‘Notable days’ is a Hungarian expression for major holidays, indicated in red in the Hungarian calendar. Many of them are part of the Christian ecclesiastical year, a line of holidays from Christmas through Easter to Pentecost. Christian denominations commemorate other church holidays as well (Ascension Day, All Saints Day, Day of Reformation etc.). The beginning and end of field work, as well as the various stages of the herdsman’s work all had their own ‘notable days’ (grain harvest and grape harvest, the day livestock was herded out to pasture for the summer, etc.), and families celebrated their own holidays, such as name-days, birthdays, Christening days, wedding anniversaries. Towards the end of the 19th century international secular holidays were also introduced. This is how May 1 (Labor Day in Europe) and March 8, Women’s Day found their way into the calendar.

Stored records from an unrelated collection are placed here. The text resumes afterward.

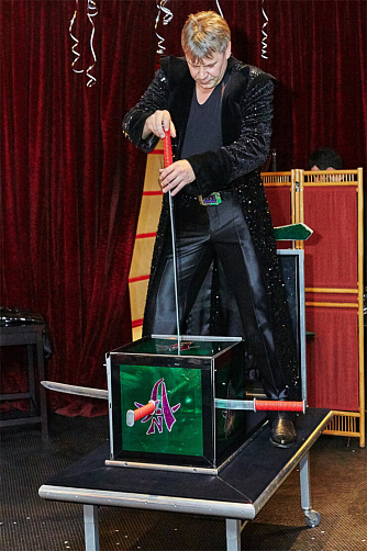 Анатолий предлагает разнообразные фокусы – от микромагии до крупных иллюзионов c интерактивным участием зрителей, которые будут распилены фокусником или сами смогут обучиться несложным трюкам под руководством иллюзиониста.
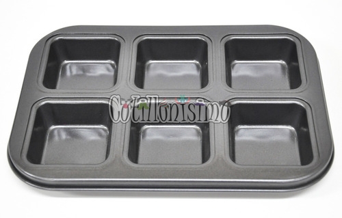 Molde de Teflon Cuadrado para 6 Unidades Material: Teflon Medida Total: 26 cm x 18 cm aprox. Cantidad: Para 6 unidades. Articulo de Reposteria ideal para llevar a cabo tus creaciones.
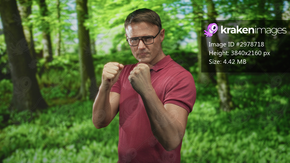 Man wearing glasses and red polo with fists raised in fighting stance in forest clearing, centered; determination focus resilience.
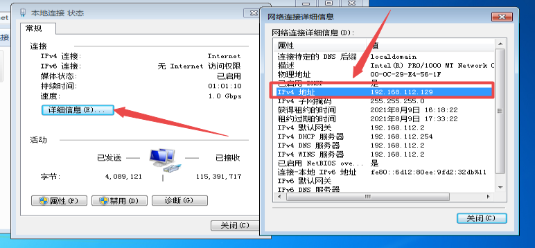 ③点击“详细信息”,里边的IPv4地址就是你的IP地址(这里是看当前ip,改ip的话点左下角属性)
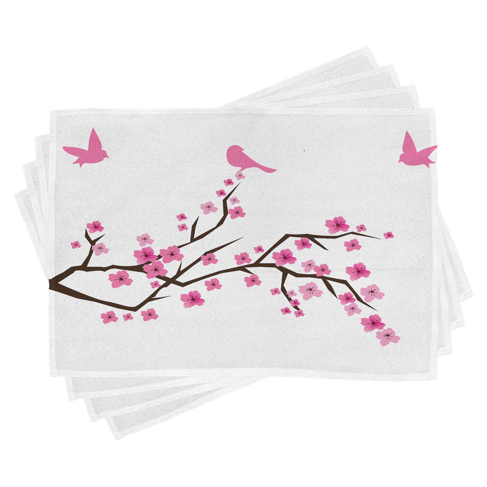 Ein vierteiliges Tischmattenset, je 30 cm lang und 45 cm breit. Mit handgenähten Kanten.
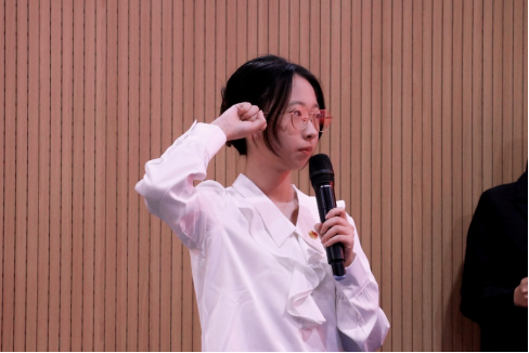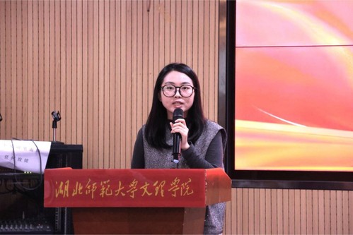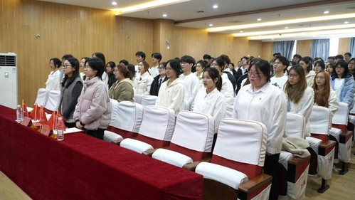 校团委指导老师徐乐进行致辞。她首先对新团员的加入表示热烈祝贺,并肯定了他们的选择对于团组织和自身成长的意义。徐乐老师对新团员提出了殷切希望,勉励我们将光荣化为动力,以实际行动回应时代召唤。最后,她鼓励大家珍惜荣耀、勇担责任,从新起点出发,以奋斗之姿书写无愧于时代和青春的篇章,努力成长为新时代好青年,为中华民族伟大复兴贡献青春力量。
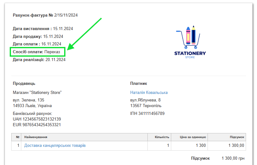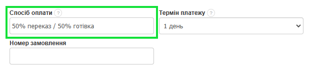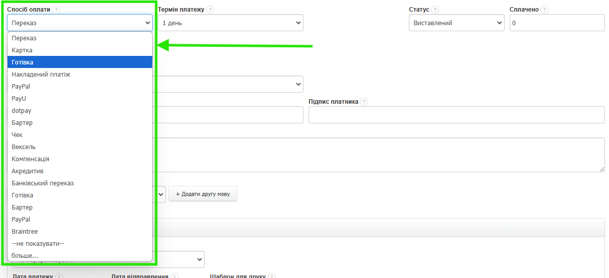 - у полі Спосіб оплати виберіть відповідну для вашого випадку форму оплати;
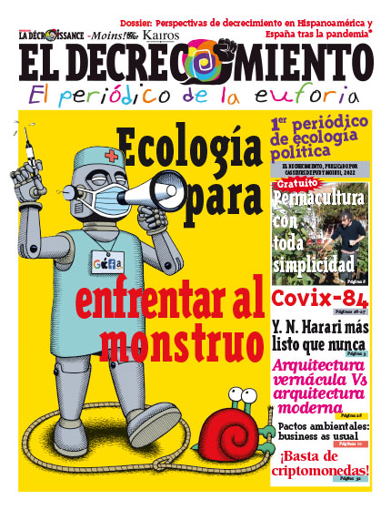 Hace ya mucho tiempo que nuestra primera versión en español de El Decrecimiento se ha agotado. Así que aquí tenemos un nuevo número, publicado con la colaboración de las revistas suizas y belgas de objetores de crecimiento, Moins! y Kairos. Una colaboración internacional para un número de 32 páginas a todo color sobre el decrecimiento y la dictadura tecnosanitaria. Es gratis, pero no dudes en ayudarnos a financiar la exportación de nuestras ideas a España y Latinoamérica enviándonos los gastos del envío (en sellos, cheques a nombre de Casseurs de Pub o transferencias) Cela fait un moment que notre version espagnole, El Decrecimiento, est épuisée. Voici donc un nouveau numéro, éditée en collaboration avec les revues des objecteurs de croissance suisses et belges, Moins! et Kairos. Une collaboration internationale pour un numéro de 32 pages tout en couleur sur la décroissance et la dictature techno-sanitaire. Il est gratuit mais n'hésitez pas à nous aider à financer l'exportation vers l'Espagne et l'Amérique latine de nos idées en rajoutant un timbre ou plus !
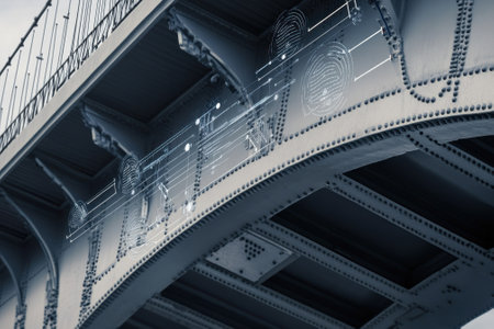 A modern suspension bridge showcases advanced engineering with digital elements under the structure.

The feast days of saints belong to the oldest group of traditions in Christian countries. In Hungary, due to the significance of the cult of the Virgin Mary, the most important days associated with her were celebrated, primarily August 15, the Feast of the Assumption. National holidays are the ‘notable days’ of a given nation. Though somewhat of a simplification, we could even say that similar to the Christian ecclesiastical year there is a type of national calendar as well.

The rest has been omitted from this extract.